Sunday, May 20, 2012

Motherhood is elusive!

I wrote the following on my last birthday.
A monumental day!
The day my latest baby was conceived.

I just read my thoughts again,
And recognised the pain in my heart.
The acceptance, the wanting and the hope that lay in my words.


Motherhood is elusive, it is something that I have wanted from childhood and today as I celebrate my birthday it is something that still eludes me.  Or is it?  Is mothering something that requires you to have borne your own child, to nurture your own flesh and blood, to love only those who resemble you in looks, spirit or personlaity?  Or is it something more? 

Mothering began for me as a small child.  It was expressed in the caring of dolls and the play with our cats.  My sister and I would bathe our dolls, we would change their nappies, we would dress them and we would talk to them mimicking the mothering behaviours of our own mother expressed to our younger siblings.   Our cats did not escape the intrinsic mothering instinct.  They shared the dolls wardrobe as we dressed them in their clothing and pushed the cats in the dolls prams.  Surprisingly, we never felt the scratch of complaint from our cats; they appeared to enjoy it as much as we did. It was expressed in the rescuing of mice from the cats and care that was taken to ensure they felt safe once again. 

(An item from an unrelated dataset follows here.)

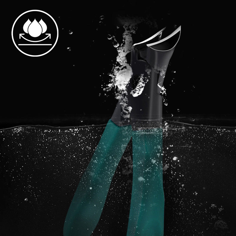 KOMFORTABELT GREPP: Det halkfria, greppvänliga handtaget ger bättre kontroll och stabilitet vid trimning. Detta ger en bekvämare och säkrare klippupplevelse, även för personer med nedsatt greppstyrka.

My early adult years were spattered with periods of loneliness as I waited to meet someone that I wanted to share my life with and with whom to start a family.  Marriage and mothering, in my mind, were never mutually exclusive.  Marriage would be shortly followed my motherhood.  As the years crept by and that prayer remained unanswered I gave up on the idea of mothering my own children and found solace and comfort in mothering the children of my siblings.  I found joy in that role and cultivated the status of favourite aunty.  My weekends were often filled with the company of little people that I could mother.  A little different than mothering dolls and cats and oh so much more rewarding. 

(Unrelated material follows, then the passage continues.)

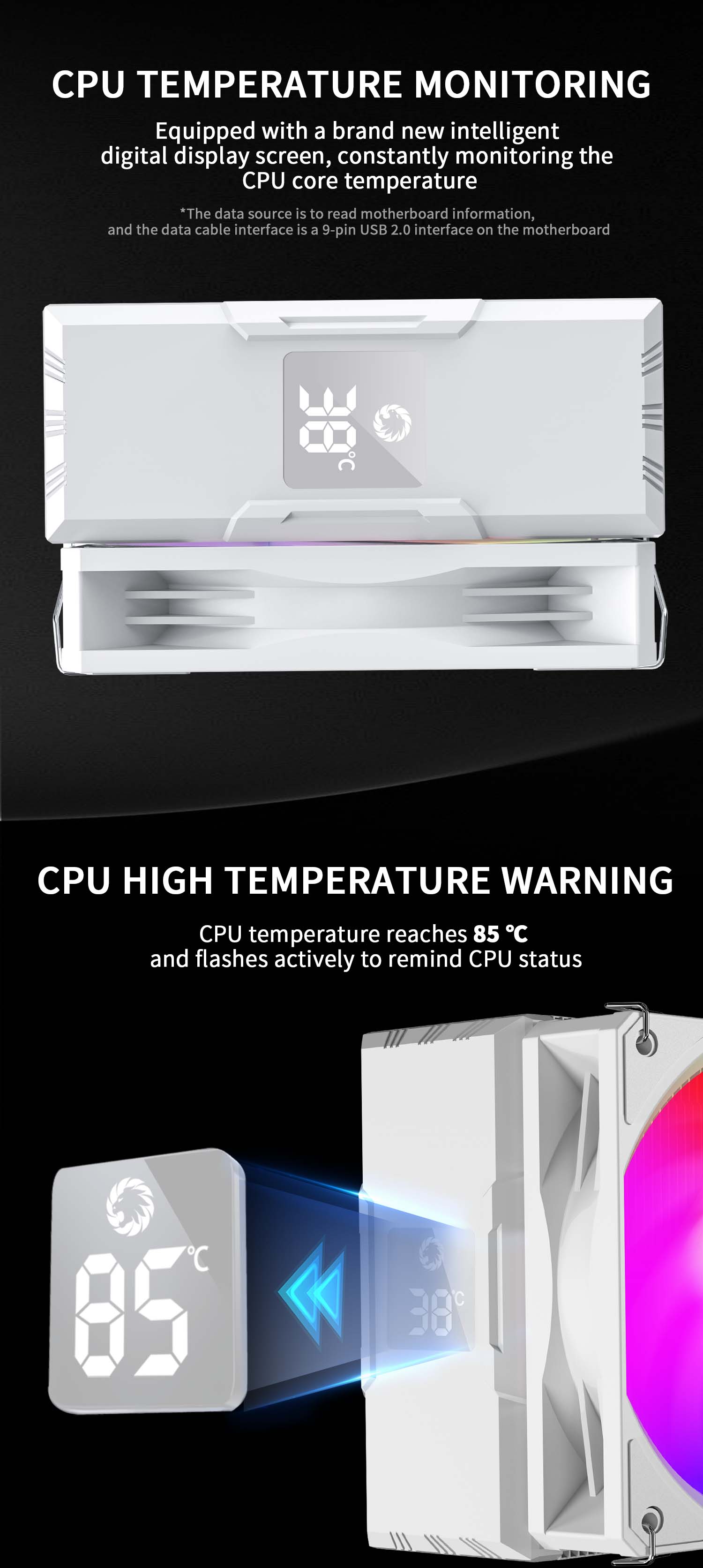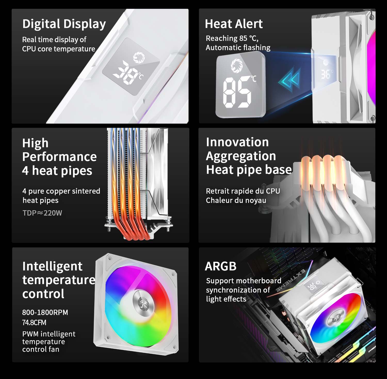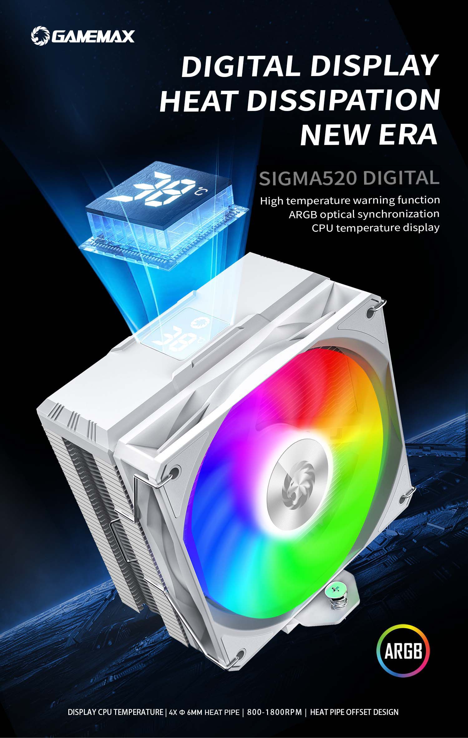 Gamemax Sigma 520 Digital WH Tower CPU air cooler, Painted White, Fours thermal tubes, Supports Intel Gen12,13 CPUs and AMD latest model, ARGB lighting effects

I met my beautiful and oh so very handsome husband, Ronnie, when I was 34.  How lucky I am that his mother took her mothering responsibilities seriously: she saw possibilities and arranged for us to meet and the rest, as they say, is history!  We married after a short courtship and decided to commence the journey into parenthood immediately.  We talked of traditions we would like introduce to our children, we talked of the joys of mothering and fathering.  We dreamt, we hoped and we prayed but those children did not come.  Mothering my own children was a yearning that remains unsatisfied. 

There were some miracles; lives were created, but were short lived.  My heart soared with joy, with hope with delight only to come crashing to depths my soul has not known before.  With each successive loss my heart broke a little more, I changed, I hurt and I softened.  I feel my children, I am waiting for the time when they can become a part of my life, when I can love them, nurture them, treasure them.  I wait for the time when I can continue mothering.